The pointer variable for the port mode register is defined as below , its initialized to base address + offset.

uint32_t * pPortDModeReg = (uint32_t*)0x40020C00;

to set the 28th bit to 1 , I use the following statement to clear the 28th and 29th bits before setting the 28th bit to 1.

*2.configure the mode the IO pin as output

clear the 28th and 29th bits by negated & ing with 011 shifted left by 28 bits*

*pPortDModeReg &= ~(3 << 28);

I get the following error in gcc based IDE STM32CubeIDE.

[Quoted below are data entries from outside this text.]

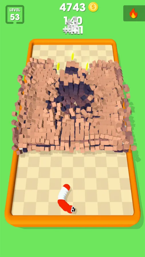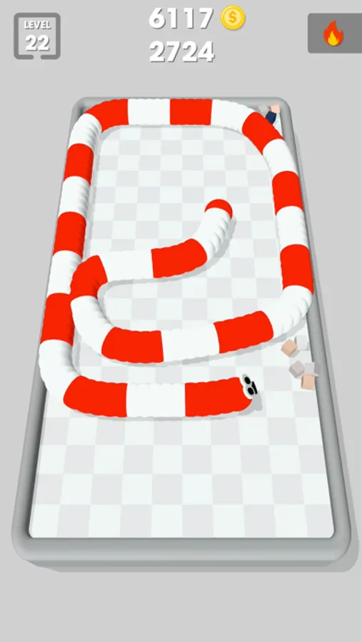 Clear the level by slither the snake surrounding the cubes. Avoid bomb, hole and break all the cubes.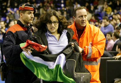 מחאה בברצלונה: אוהדים פרצו עם דגלי פלסטין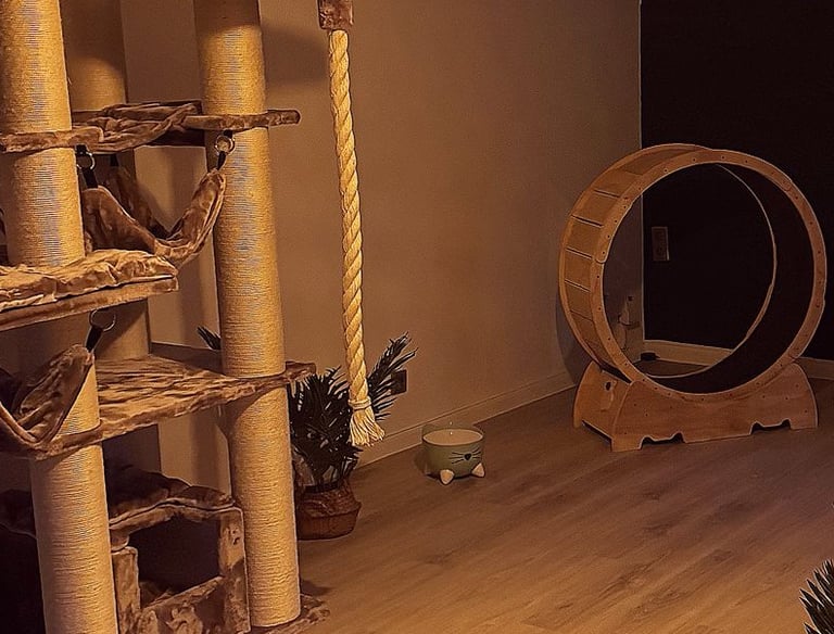 Die beiden Laufräder in unseren Gruppenzimmern bieten auch den aktivsten Samtpfoten ausreichend Bewegung.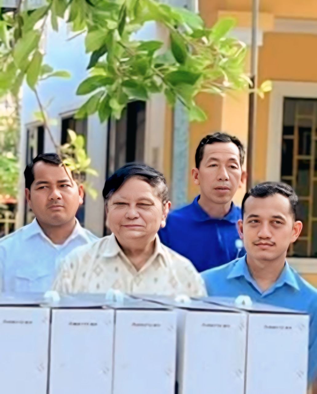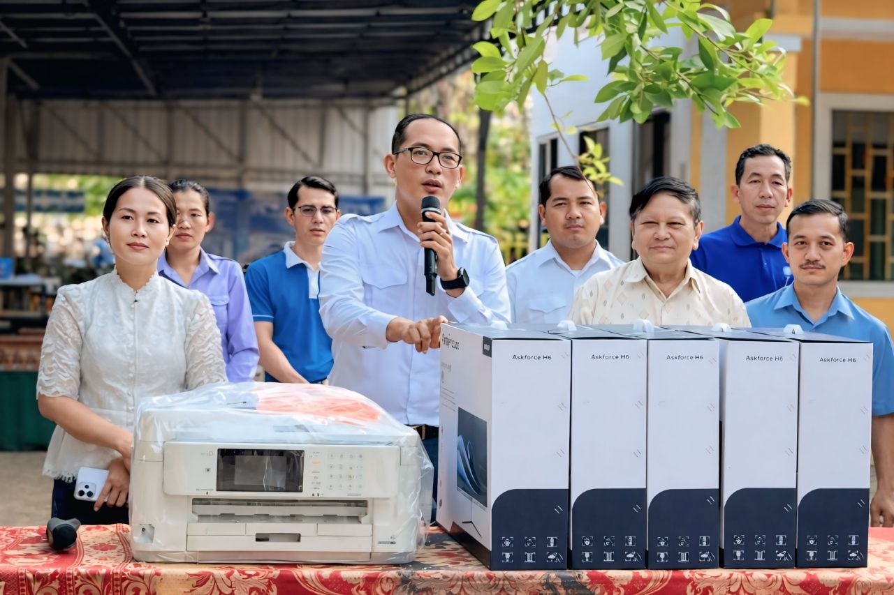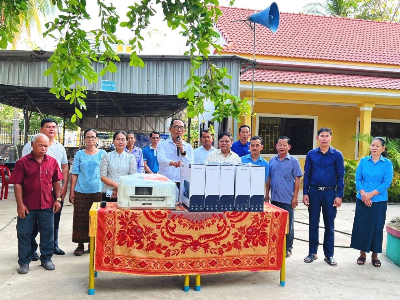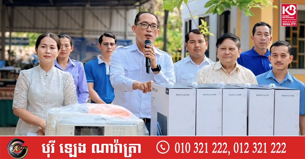 (តាកែវ)៖ លោក ទា ផូលីន ប្រធានខុទ្ទកាល័យ សម្តេចប្រធានក្រុមប្រឹក្សាជាតិរណសិរ្សសាមគ្គី អភិវឌ្ឍន៍មាតុភូមិកម្ពុជា នាព្រឹកថ្ងៃទី០១ ខែមេសា ឆ្នាំ២០២៦ បាននាំយកអំណោយ របស់លោកគ្រូ ឃ្លោក មេន រួមមាន៖ កុំព្យូរទ័រ៥គ្រឿង និងម៉ាស៊ីនព្រីធ័រ១គ្រឿង ប្រគល់ជូនគណៈគ្រប់គ្រងវិទ្យាល័យគិរីវង់ ស្ថិតនៅស្រុកគិរីវង់ ខេត្តតាកែវ។

../Src/main.c:36:4: **error: invalid operands to binary * (have 'int' and 'uint32_t ' {aka 'long unsigned int '}) 36 |
*pPortDModeReg &= ~(3 << 28);

I even tried casting the RHS expression as (uint32_t*)like below , still the error persists.

pPortDModeReg &= (uint32_t*)(~(3 << 28));

**

But for the instructor of the tutorial video , this statement builds without errors.

Is any compiler setting playing with me ? , please help.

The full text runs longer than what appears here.